→ Records excerpted from a collection:
------------------------
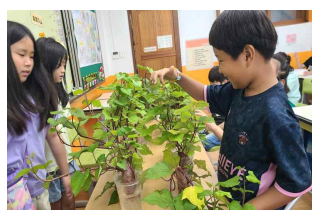
생태감수성교육 (반려식물 숲 가꾸기)
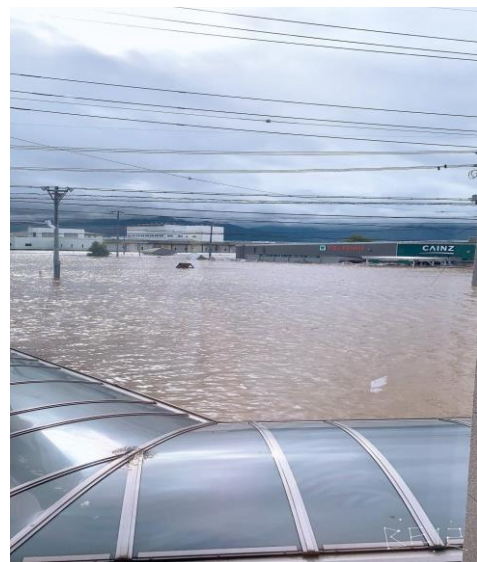
台風19号被害の18号沿いカインズホーム
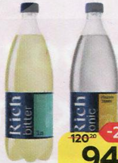
Напиток газированный RICH® , в ассортименте***, 1 л
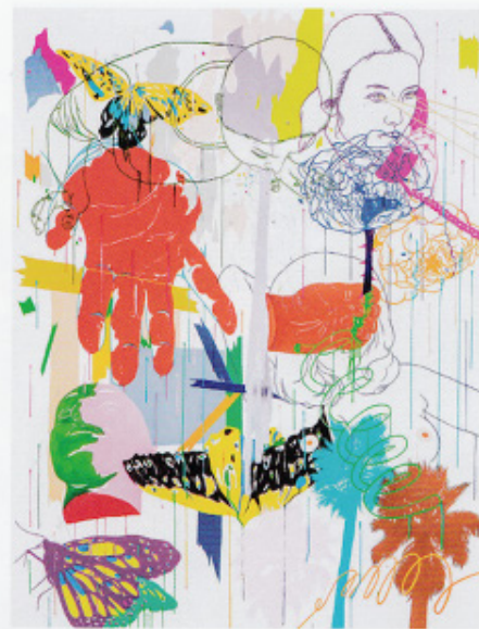
(작가의 기호물 6) 2018 종이매 185x135cm
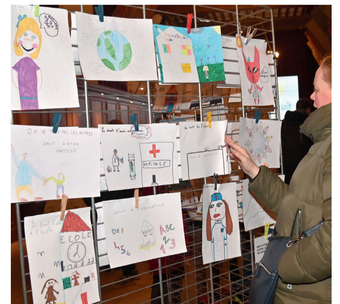
Elèves et enseignants des écoles Augustin Thierry, Hersan, Pompidou A et B, Robida B, Saint-Lazare, Sévigné, la classe de 6 ème projet de Jean-Paul II et un groupe du DITEP du Meux ont pris part à ce beau projet dans le cadre de l'ECSI (Éducation à la Citoyenneté et la Solidarité Internationale).

Suite à ces rencontres, des échanges épistolaires et en visio conférence ont commencé entre des élèves du Cambodge et la classe de CM1 de Pompidou B et entre des élèves du Bénin et la classe de 6 ème projet de Jean-Paul II. D'autres beaux projets sont en perspective.
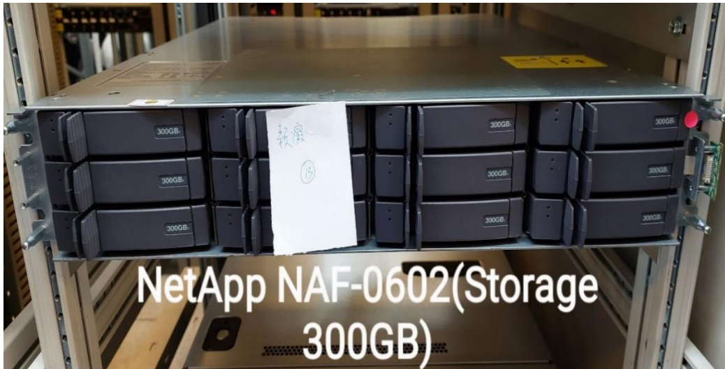
NetApp NAF-0602(Storage 300GB)
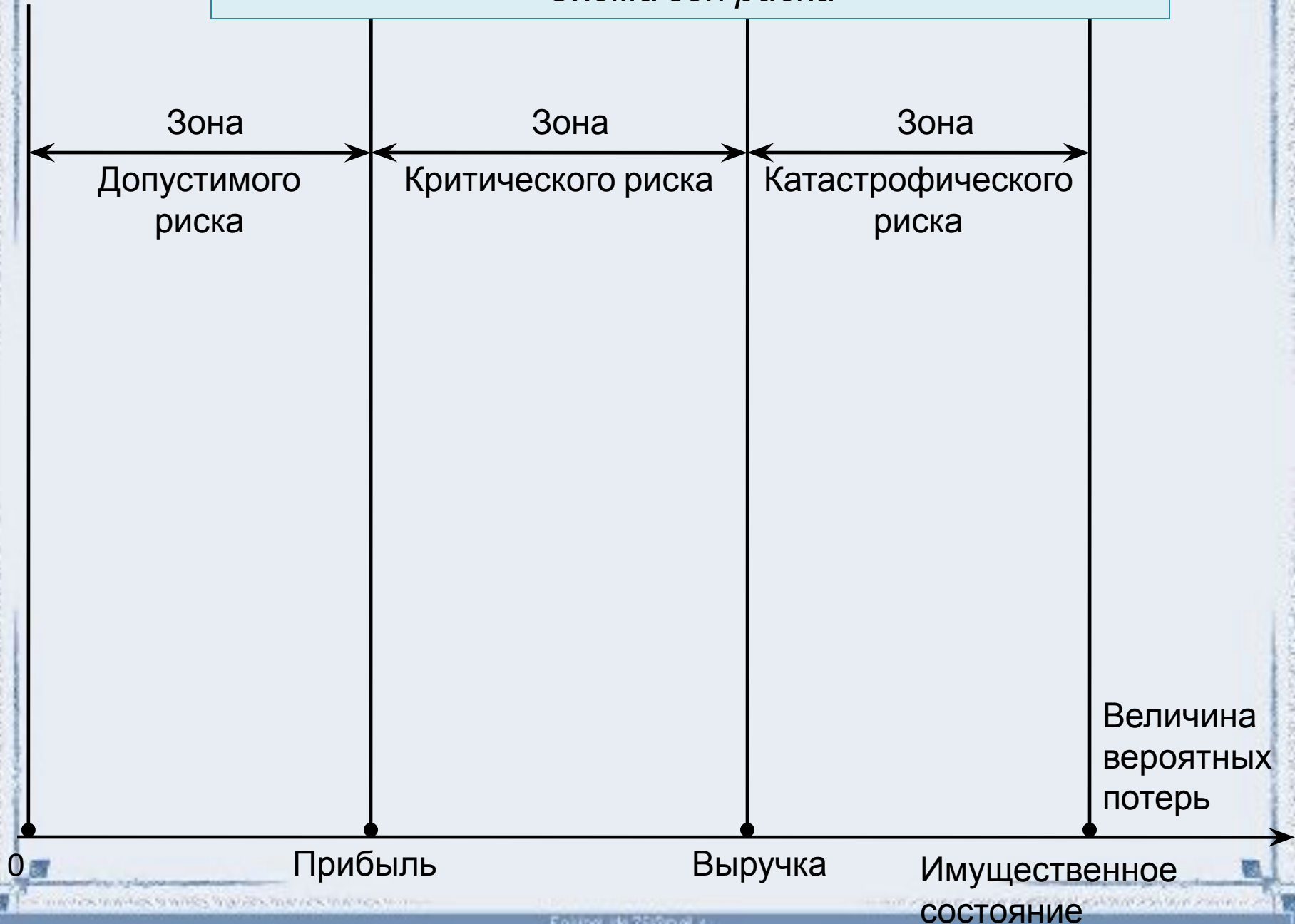
Схема зон риска
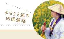
ゆるりと巡る四国遍路
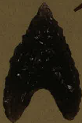
黒曜石で作られた鎌（やじり）
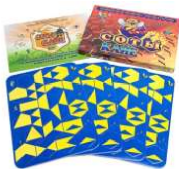
Рис. 1 Набор «Соты Кайе»

Набор "Соты Кайе" состоит из 84 объемных элементов. Элемент имеет форму шестигранника. На лицевой стороне - мозаичный рисунок, обратная сторона однотонная. Рисунков 21 вариант, по 4 штуки каждого.
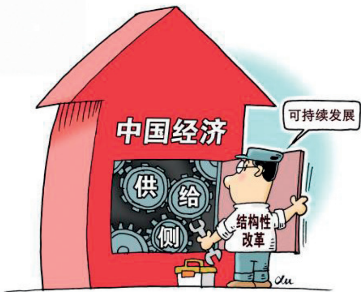
源头入手 徐骏 作

对于第一类的趋势性问题，借助供给侧结构性改革可以做出适当改善，但不可能根本改变。比如，我国劳动力总量从2015年开始净减少并且呈加速态势。2017年，16-59岁劳动人口9.02亿人，比上年减少548万人，比上年多减近200万人。60岁以上人口达2.41亿，比上年增加1000万，占总人口的17.3%，老龄化进一步加剧。放开二孩后，虽然有利于增加人口总量，增加未来劳动力供给，但带来的近期劳动参与率下降又成为对冲因素，最终的结果难以预料。从环境保护和污染治理看，为适应人民群众美好生活需要，逐步加大了工作力度，但在归还欠账的同时，也对GDP增长形成压抑作用。此外，外部环境也面临动荡，贸易保护主义抬头，与经济全球化相互碰撞，短期内很难说“东风压倒西风”或是“西风压倒东风”，这也是我们难以左右的不确定因素。总之，从经济增长角度看，对于这类不可扭转的趋势性问题，供给侧结构性改革的着力点是改善问
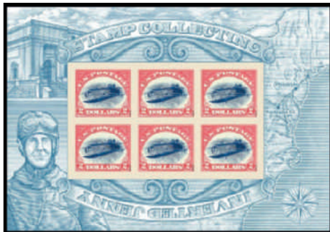
Der „normale“ Kleinbogen mit sechs Nachdrucken zu 2,00 Dollar.

Die selbstklebende Marke wurde in Kleinbogen (Folienbogen) zu sechs Stück in geschlossenen Verkaufsverpackungen angeboten. Auflage: 2,2 Millionen Bogen zu zwölf Dollar.
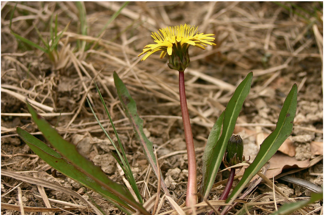
Abb. 11: Habitus von Taraxacum bavaricum , Uferzone des Hintersees. — Fig. 11: Habitus of Taraxacum bavaricum , shore of lake Hintersee.

Neu für Salzburg. Taraxacum madidum ist durch eine V-förmige Hülle, schmale, eng anliegende und lanzettliche äußere Hüllblätter sowie verlängerte Blattendlapfen charakterisiert (KIRSCHNER & ŠTĚPÁNEK 1998; UHLEMANN & al. 2005). Aus Österreich war die Art bislang nur aus den Nördlichen Kalkalpen Nordtirols (v. a. KIRSCHNER & ŠTĚPÁNEK 1998; SCHMID 2003) und Oberösterreichs (Diewald in
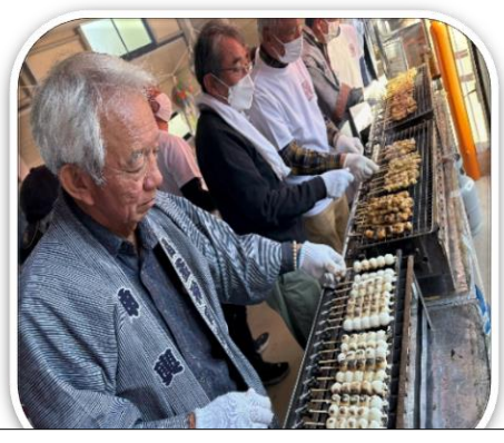
毎年恒例「福釜大人みこし会」による模擬店
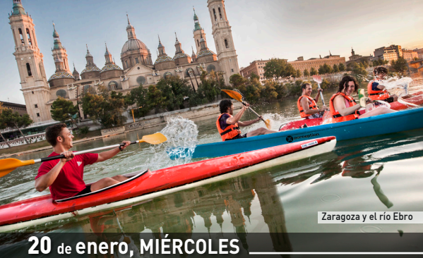
Zaragoza y el río Ebro
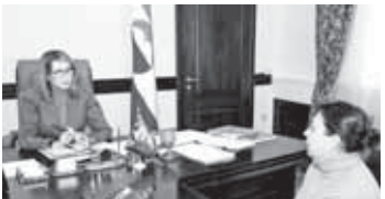
Что касается этого приёма, вопросов немало, несмотря на то, что сегодня в республике очень много делится...
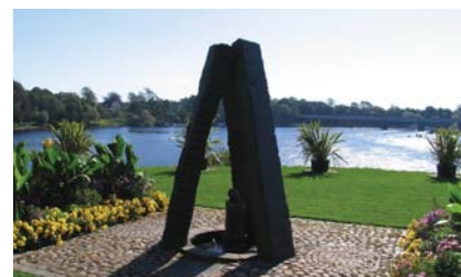
Vid Tullbron tar Ni vänster upp på Brogatan. Precis på höger sida ligger
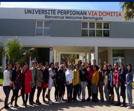
Университет Перпиньян Виа Домиция (Франция)
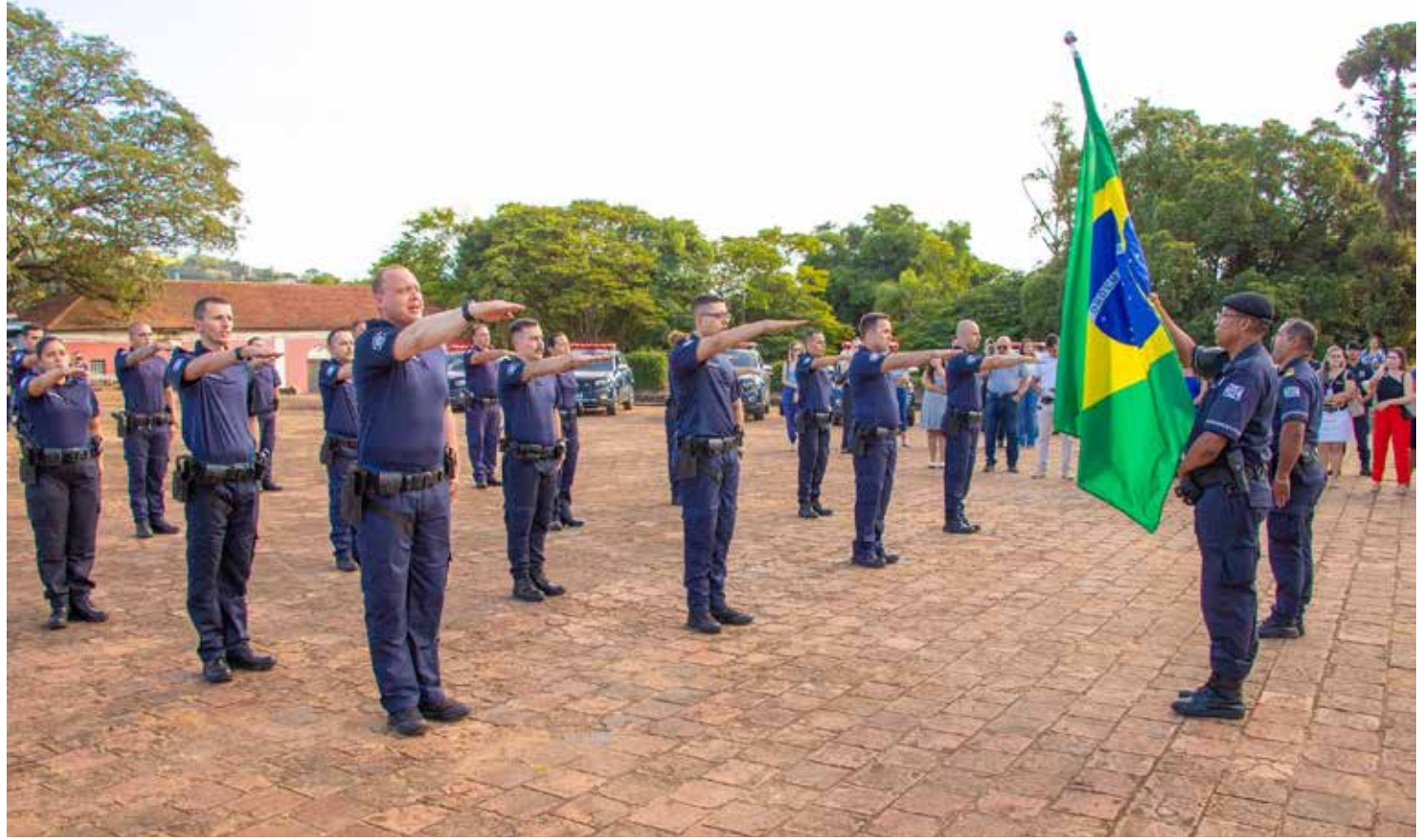
Os novos agentes terão a missão de garantir a ordem e a segurança na cidade

“Hoje é um dia muito especial e de grande significa-
------------------------
Would you repeat the entries exactly, keeping the images out?

생태감수성교육 (반려식물 숲 가꾸기)
台風19号被害の18号沿いカインズホーム
Напиток газированный RICH® , в ассортименте***, 1 л
(작가의 기호물 6) 2018 종이매 185x135cm
Elèves et enseignants des écoles Augustin Thierry, Hersan, Pompidou A et B, Robida B, Saint-Lazare, Sévigné, la classe de 6 ème projet de Jean-Paul II et un groupe du DITEP du Meux ont pris part à ce beau projet dans le cadre de l'ECSI (Éducation à la Citoyenneté et la Solidarité Internationale).

Suite à ces rencontres, des échanges épistolaires et en visio conférence ont commencé entre des élèves du Cambodge et la classe de CM1 de Pompidou B et entre des élèves du Bénin et la classe de 6 ème projet de Jean-Paul II. D'autres beaux projets sont en perspective.
NetApp NAF-0602(Storage 300GB)
Схема зон риска
ゆるりと巡る四国遍路
黒曜石で作られた鎌（やじり）
Рис. 1 Набор «Соты Кайе»

Набор "Соты Кайе" состоит из 84 объемных элементов. Элемент имеет форму шестигранника. На лицевой стороне - мозаичный рисунок, обратная сторона однотонная. Рисунков 21 вариант, по 4 штуки каждого.
源头入手 徐骏 作

对于第一类的趋势性问题，借助供给侧结构性改革可以做出适当改善，但不可能根本改变。比如，我国劳动力总量从2015年开始净减少并且呈加速态势。2017年，16-59岁劳动人口9.02亿人，比上年减少548万人，比上年多减近200万人。60岁以上人口达2.41亿，比上年增加1000万，占总人口的17.3%，老龄化进一步加剧。放开二孩后，虽然有利于增加人口总量，增加未来劳动力供给，但带来的近期劳动参与率下降又成为对冲因素，最终的结果难以预料。从环境保护和污染治理看，为适应人民群众美好生活需要，逐步加大了工作力度，但在归还欠账的同时，也对GDP增长形成压抑作用。此外，外部环境也面临动荡，贸易保护主义抬头，与经济全球化相互碰撞，短期内很难说“东风压倒西风”或是“西风压倒东风”，这也是我们难以左右的不确定因素。总之，从经济增长角度看，对于这类不可扭转的趋势性问题，供给侧结构性改革的着力点是改善问
Der „normale“ Kleinbogen mit sechs Nachdrucken zu 2,00 Dollar.

Die selbstklebende Marke wurde in Kleinbogen (Folienbogen) zu sechs Stück in geschlossenen Verkaufsverpackungen angeboten. Auflage: 2,2 Millionen Bogen zu zwölf Dollar.
Abb. 11: Habitus von Taraxacum bavaricum , Uferzone des Hintersees. — Fig. 11: Habitus of Taraxacum bavaricum , shore of lake Hintersee.

Neu für Salzburg. Taraxacum madidum ist durch eine V-förmige Hülle, schmale, eng anliegende und lanzettliche äußere Hüllblätter sowie verlängerte Blattendlapfen charakterisiert (KIRSCHNER & ŠTĚPÁNEK 1998; UHLEMANN & al. 2005). Aus Österreich war die Art bislang nur aus den Nördlichen Kalkalpen Nordtirols (v. a. KIRSCHNER & ŠTĚPÁNEK 1998; SCHMID 2003) und Oberösterreichs (Diewald in
毎年恒例「福釜大人みこし会」による模擬店
Zaragoza y el río Ebro
Что касается этого приёма, вопросов немало, несмотря на то, что сегодня в республике очень много делится...
Vid Tullbron tar Ni vänster upp på Brogatan. Precis på höger sida ligger
Университет Перпиньян Виа Домиция (Франция)
Os novos agentes terão a missão de garantir a ordem e a segurança na cidade

“Hoje é um dia muito especial e de grande significa-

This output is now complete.